# Yearly Profit Margin



## preach it

About this time of year I figure out my profit margin so far for the year. At this point it is 30% profit. It will go up as the year ends as most of my expenses are in the spring. I have averaged most years about 33% profit. I am curious if this is comparable to others in the Tree Service industry. Let me know what kind of profit margin some of you have in the tree business.


----------



## mckeetree

preach it said:


> About this time of year I figure out my profit margin so far for the year. At this point it is 30% profit. It will go up as the year ends as most of my expenses are in the spring. I have averaged most years about 33% profit. I am curious if this is comparable to others in the Tree Service industry. Let me know what kind of profit margin some of you have in the tree business.

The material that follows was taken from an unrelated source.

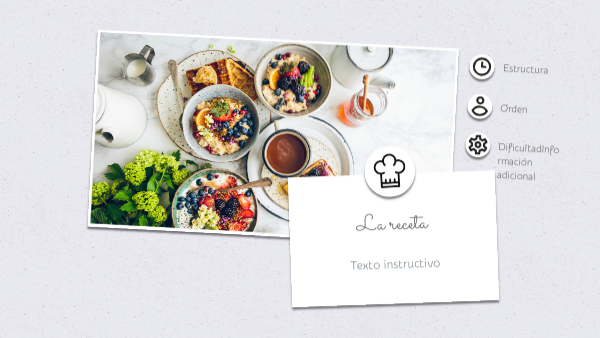 La estructura de la receta es muy organizada. Encontramos:1. Título 2. Ingredietnes o materiales necesarios y número de comensales 3. Cuerpo de la receta 4. Consejos

Average overall about 18%.


----------



## preach it

I trim and remove trees and grind stumps. I try to keep my costs down by not venturing very long distances. I try to replace equipment as it wears out, sometimes with new, sometimes used. The thirty percent profit looks good on paper but I wish that I had more coming in.


----------



## appalachianarbo

Today I'm at 43%

Gotta make an insurance payment though this week!


----------



## mckeetree

appalachianarbo said:


> Today I'm at 43%
> 
> Gotta make an insurance payment though this week!



43% huh. Mmmmmmmm.


----------



## Slvrmple72

The wife lets me keep 5%:greenchainsaw: I am at 42% up 18% from last year! My body aches pretty much all of the time so I am seriously thinking of a Toro Dingo/trailer next year. Now if I can just get a loan...?


----------



## appalachianarbo

> 43% huh. Mmmmmmmm.



Yup. Extremely low overhead.


----------



## BCbound

Curious, Are these profit margins after you pay yourself a wage?


----------



## preach it

For me the profit margin is my wage.


----------



## mckeetree

preach it said:


> For me the profit margin is my wage.



Really?


----------



## preach it

Yes. Small business, one occassional employee besides me, the owner. Some days pay well, some don't. But over all the profit margin is about 30%. I have averaged about that most years. I did buy another stump grinder this year which brought my profits down a little bit at this point. It is a bigger grinder which will bring bigger profits with bigger contracts in the future. I am just trying to find out if my profit percentage is high, low, or average. If it is high, then I am doing something right, if it is low, I need to change some things.


----------



## mckeetree

preach it said:


> Yes. Small business, one occassional employee besides me, the owner. Some days pay well, some don't. But over all the profit margin is about 30%. I have averaged about that most years. I did buy another stump grinder this year which brought my profits down a little bit at this point. It is a bigger grinder which will bring bigger profits with bigger contracts in the future. I am just trying to find out if my profit percentage is high, low, or average. If it is high, then I am doing something right, if it is low, I need to change some things.



Well for us it would be high. If this company could average 30% clear profit I could retire in 7 or 8 years.


----------



## Garfield

*Apples to Oranges*

To get meaningful comparisons you have to use the same formula to arrive at the numbers and be comparing similar sized companies. A one man show with climbing gear, no insurance and a hand saw may bill out 40,000 and have an 80% profit margin = 32,000 A larger company could have 1,000,000 in sales with a 15% margin= 150,000. Me, I borrowed money to buy equipment so.....it's not good. Hoping to grow the business next year.


----------



## BC WetCoast

preach it said:


> Yes. Small business, one occassional employee besides me, the owner. Some days pay well, some don't. But over all the profit margin is about 30%. I have averaged about that most years. I did buy another stump grinder this year which brought my profits down a little bit at this point. It is a bigger grinder which will bring bigger profits with bigger contracts in the future. I am just trying to find out if my profit percentage is high, low, or average. If it is high, then I am doing something right, if it is low, I need to change some things.



Buying the grinder shouldn't have a drastic negative effect on your profits. You should be amortizing the cost of the grinder over the expected life, say 8 years. So if you spent $24,000 on the grinder, then your yearly cost will only be $3000. 

Don't confuse profitability from cash flow. Profitability takes non-cash items such as depreciation into account.


----------



## arbor pro

I hit 50% this year as a one-man show. Worked my butt off though and did almost double the work volume of last year with not much more overhead. A big factor I think was that I did a lot of hourly-billed work vs bidding. It sure helps the bottom line when you're billing out almost every minute of your day!


----------



## chucknduck

so is 50% good for a three man show, one climber(owner) and two groundies? Im from New mexico, so over head is lower than a lot of states(free brush and chip disposal, cheap living).


----------